Opinion
Argued March 29, 1978
Decided May 10, 1978
Appeal from the Appellate Division of the Supreme Court in the First Judicial Department, HILDA G. SCHWARTZ, J.
Ralph Murphy, Lawrence Grosberg and John Falk for appellants.
Robert Abrams, Attorney-General (Joseph F. Wagner, Samuel A. Hirshowitz and Herbert J. Wallenstein of counsel), for respondents.
MEMORANDUM.
In each case the determination of the Appellate Division should be modified, with costs to appellant, and the case remitted to Supreme Court, with directions to remand to the commissioner for a determination as to whether recoupment at the 10% rate will cause undue hardship.
The fair hearings on the welfare recipients' claims were held in these cases and the commissioner's determinations were made prior to the announcement of our decision in Matter of Reyes v Dumpson ( 40 N.Y.2d 725). On the basis of that decision the Appellate Division has limited recoupment of the advances made to prevent eviction for nonpayment of rent under section 352.7 (g) (7) of the commissioner's regulations (18 N.Y.CRR 352.7 [g] [7]) to 10% of the household needs of the recipients. The commissioner concurs in the propriety of that limitation.

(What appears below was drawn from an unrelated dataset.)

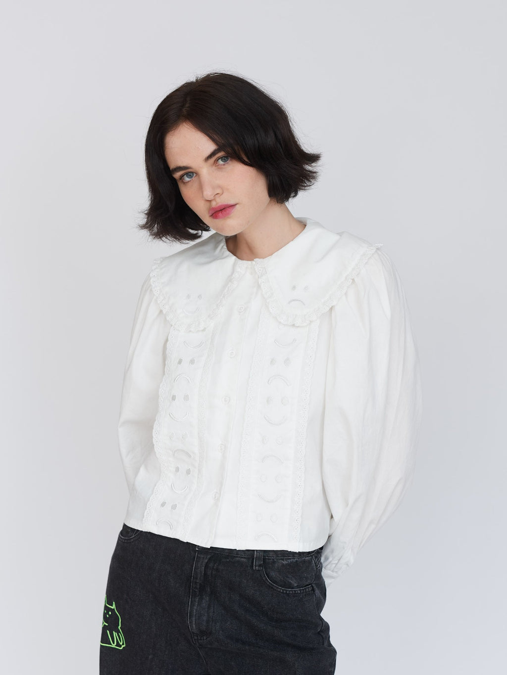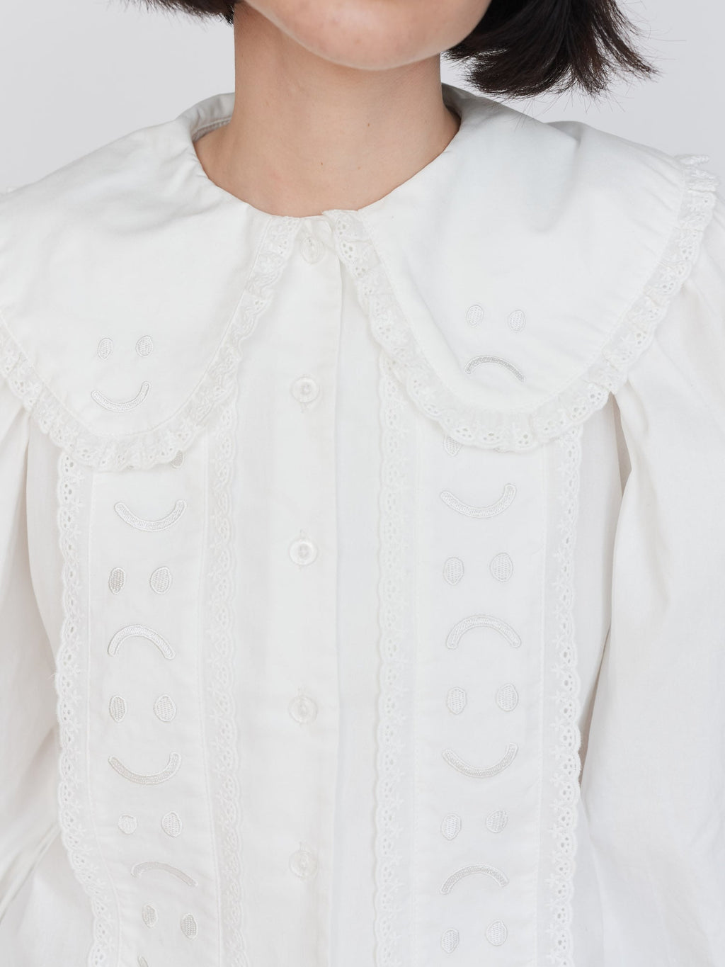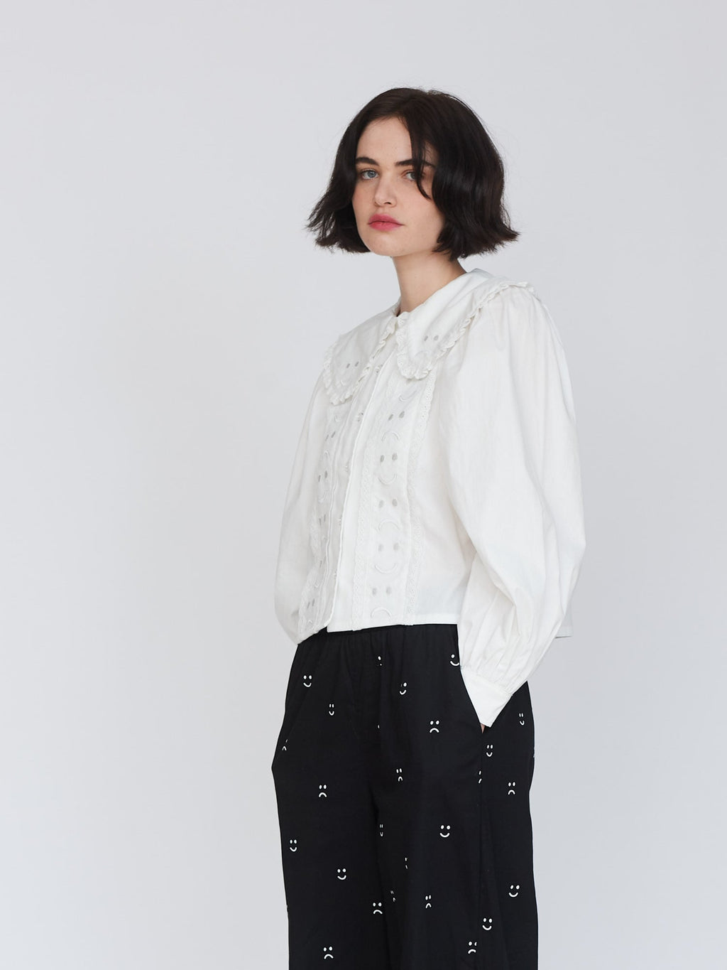 In white, this 100% cotton shirt has full sleeves around the shoulder that taper down to the button cuff. The collar is oversized and features Happy Sad embroidery on it in white too, giving it an embossed look. This is also repeated on the front panels with both the collar and panels having a broderie anglaise style lace trim. Why not layer our Happy Sad Cord Waistcoat over the top?

In Reyes, however, in holding that recoupment of advances made under section 352.7 (g) (7) is subject to the limitations set forth in section 352.31 (d) (4), we noted that, in addition to the ceiling of 10% of household needs (where there was a single recovery), section 352.31 (d) (4) requires a further determination, to be made on a case-by-case basis, that recoupment at the 10% rate will not cause undue hardship. In these cases, while the Appellate Division enforced the 10% limitation, there has been no determination in either that 10% recoupment will not cause undue hardship. Accordingly each case must be remanded for such a determination.
We reject the commissioner's contention that there should be no such remand inasmuch as claimants have failed to make a record to support assertions of undue hardship. It was not clear at the time of the pre- Reyes fair hearings in these cases that recipients were entitled to undue hardship protection. Additionally, and perhaps of greater practical significance, because all recoupment has been stayed during the pendency of these proceedings and will commence only on their conclusion, a determination is now required that in the light of present benefits and current economic conditions, a 10% recoupment will not cause an undue hardship. One may surmise that a 10% deduction from benefits which might have been found acceptable in 1975 would not necessarily meet the standard in 1979 in view of the intervening inflation in the costs of living and the absence of parallel increases in welfare benefits.
We have examined appellants' other contentions and conclude that there was no error of law in the denial of their claims for payments to correct prior alleged underpayments or in the denial of their claims for entitlement under the Emergency Assistance to Needy Families with Children Program (US Code, tit 42, § 606, subd [e]; 45 C.F.R. § 233.120; Social Services Law, § 350-j; 18 N.Y.CRR 372).
Chief Judge COOKE and Judges JASEN, GABRIELLI, JONES, WACHTLER and FUCHSBERG concur.
In the Matter of Lajara v Berger: Order modified, with costs to petitioner, and the matter remitted to Supreme Court, New York County, for further proceedings in accordance with the memorandum herein and, as so modified, affirmed.
In the Matter of Rivera v Berger: Judgment modified, with costs to petitioner, and the matter remitted to Supreme Court, New York County, for further proceedings in accordance with the memorandum herein and, as so modified, affirmed.